那飞檐叠起的高阁,眼中仿佛多了一丝忧意。
凭刘慕仙这性子,明天怕是有的闹腾了。
而少年也大概是不会回来了。
那么他这一番心事,大概也只能先咽在肚子里了。
就在陆小凤转身欲走的时候,他却发现了一个熟悉的身影自远方而来。
那如雪白衣,是这夜色中最亮的一抹白。
陆小凤的面上不由得有一丝笑意渐渐展开,如云开雾散后那一抹皎然月色。
“我还以为你不会回来。”
西门吹雪只是默默看着他,身躯挺拔如剑,孤绝如峰。
陆小凤笑道:“我能否问问你方才为何走得那么急?”
西门吹雪神情肃穆道:“因为我想吐。”
陆小凤微微一愣,有些不可置信地看着他,仿佛无法想象他这样的人也会想吐。
不过细细一想,方才那样的情景,也不是每个人都能受得了的。
他目光一转,复又敛了一丝淡薄的笑意在唇边,慢悠悠地扶着小胡子,道:“那你吐成了没?”
西门吹雪道:“没有。”
他的面色依旧苍白如玉,在明澈如水的月光下几近透明。
陆小凤看着他,叹了口气,道:“你想吐却没吐成,我想说也没说成。”
“说什么?”
陆小凤看着他,眨了眨眼睛,便有一抹带着深意的笑容蔓上唇边。
“说一些只有不正常的人才会发现的事。”
西门吹雪看着他,狭长的眼眸微微上挑,带起一丝冷冽的气息,复又平缓如初,不显一丝波澜。
陆小凤抬眼看着那高阁,似乎是想到了方才的情景,眸中一丝寒芒倏忽闪过。
他忽而低头微微一笑,那笑容中竟仿佛是说不出的苦涩。
“我和花满楼初见那人的时候,我怎么也不会想到事情会变成现在这个样子。”
西门吹雪冷笑道:
“现在这样不好?”
那笑容落在陆小凤的眼里,仿佛带着一丝轻轻的嘲讽。
“我本以为这样很好。

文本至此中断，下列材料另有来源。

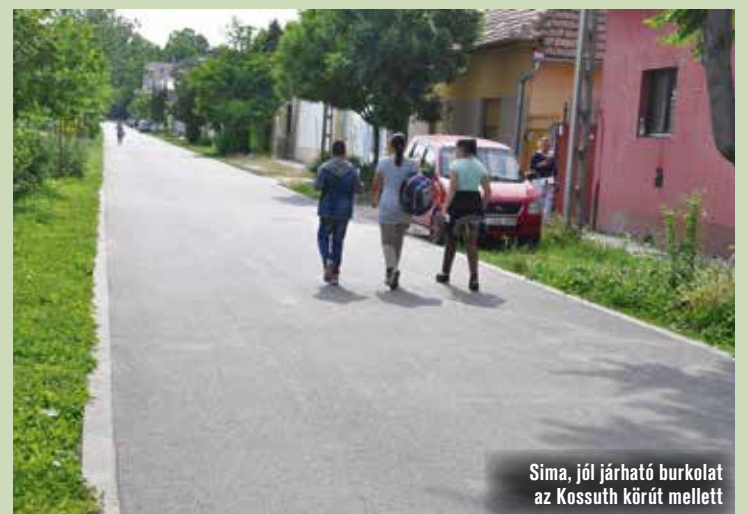
Sima, jól járható burkolat az Kossuth körút mellett

”陆小凤苦笑道,那双墨黑色的眸子里仿佛敛了几分淡淡的悲哀,仿佛是从灵魂深处蔓延而出,“可我后来却开始觉得越来越不好了。”
他抬起头,凝视着面前的白衣少年,又道:“不知怎的,我一见到刘慕仙就忍不住说他长得太过漂亮,不瞒你说,我从前可是从来不会一直称赞一个男人的美貌的。而且,我明明不怎么了解他,但却忍不住想护着他,宠着他,就像是看护着一个心爱的女子。”
陆小凤叹了口气,唇边的笑意带着三分苦涩三分自嘲。
他似是想到了什么极为不堪回事的事,眉头拧成了个川字型,嘴巴微张未张,似是要说些难以启齿的话。
西门吹雪不言不语,眉间不动,面沉如水。
在这里经历了这许多之后,这世间仿佛已经没有什么能够撼动他了。
陆小凤踌躇再三,还是说了出来。
“有一日刘慕仙受登了伤,花满楼便替他去擦药。花满楼他……他擦着擦着,便开始面红耳赤,出来之后更是羞愧不语。他……对刘慕仙起了反应。”
反应?
一个男人该对另外一个男人起什么反应?
这一点,像西门吹雪这样的人本不该知道的。
但在这里浸润得久了,他就算本不屑于知道,也已被提醒了数十次了。
西门吹雪忽的眼皮一跳。
像他这样的人,心境宁如秋水,本已不会再为任何事情所撼动。
可惜在这样的地方,心思灵透境界清明的人,反而是最难静下来的人。